A Simulation-Based Optimization Framework for Collaborative Scheduling of Autonomous and Human-Driven Trucks in Mixed-Traffic Container Terminal Environments

To address the efficiency and safety challenges arising from the mixed operation of autonomous and human-driven container trucks during the automation transformation of traditional container terminals, this study designed a simulation-based optimization framework for mixed vehicle scheduling. A spatio-temporal graph dynamic scheduling model was constructed, incorporating node capacity, arc capacity, and path constraints, to establish a multi-objective optimization model aimed at minimizing the maximum completion time of internal trucks and the average waiting time of external trucks.

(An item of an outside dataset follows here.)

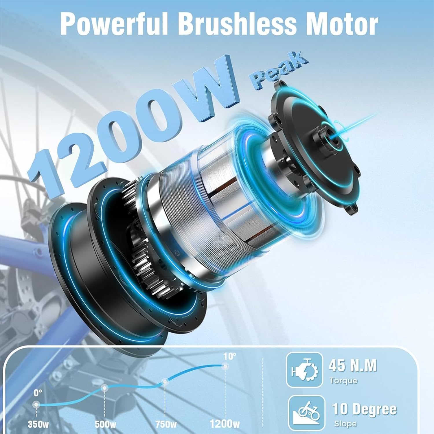 - POWERFUL 1200W PEAK PERFORMANCE & SPEED: Conquer hills, accelerate swiftly, and enjoy thrilling rides with our robust 1200w brushless hub motor. Cruise effortlessly at up to 28MPH, transforming your daily commute or weekend adventure. The e bike paired with a smooth 7-speed Shimano-style gearing system, you have precise control over your pedaling cadence, optimizing power output for any terrain, whether tackling steep trails or gliding through city streets.

An improved NSGA-II algorithm was employed to generate task assignment solutions, which were evaluated using discrete-event simulation, integrating a dynamic programming-based yard block selection strategy for external trucks and a congestion-aware path planning algorithm. Experimental results demonstrate that the dynamic priority strategy effectively adapts to different traffic flow scenarios: under low external truck flow, the autonomous internal truck priority strategy reduces task completion time by 18% to 25%, while under high flow, the external truck priority strategy significantly decreases the average waiting time. The optimal configuration ratio between internal and external trucks was identified as approximately 1:2. This research provides a theoretical basis and decision support for enhancing terminal operational efficiency and automation transformation.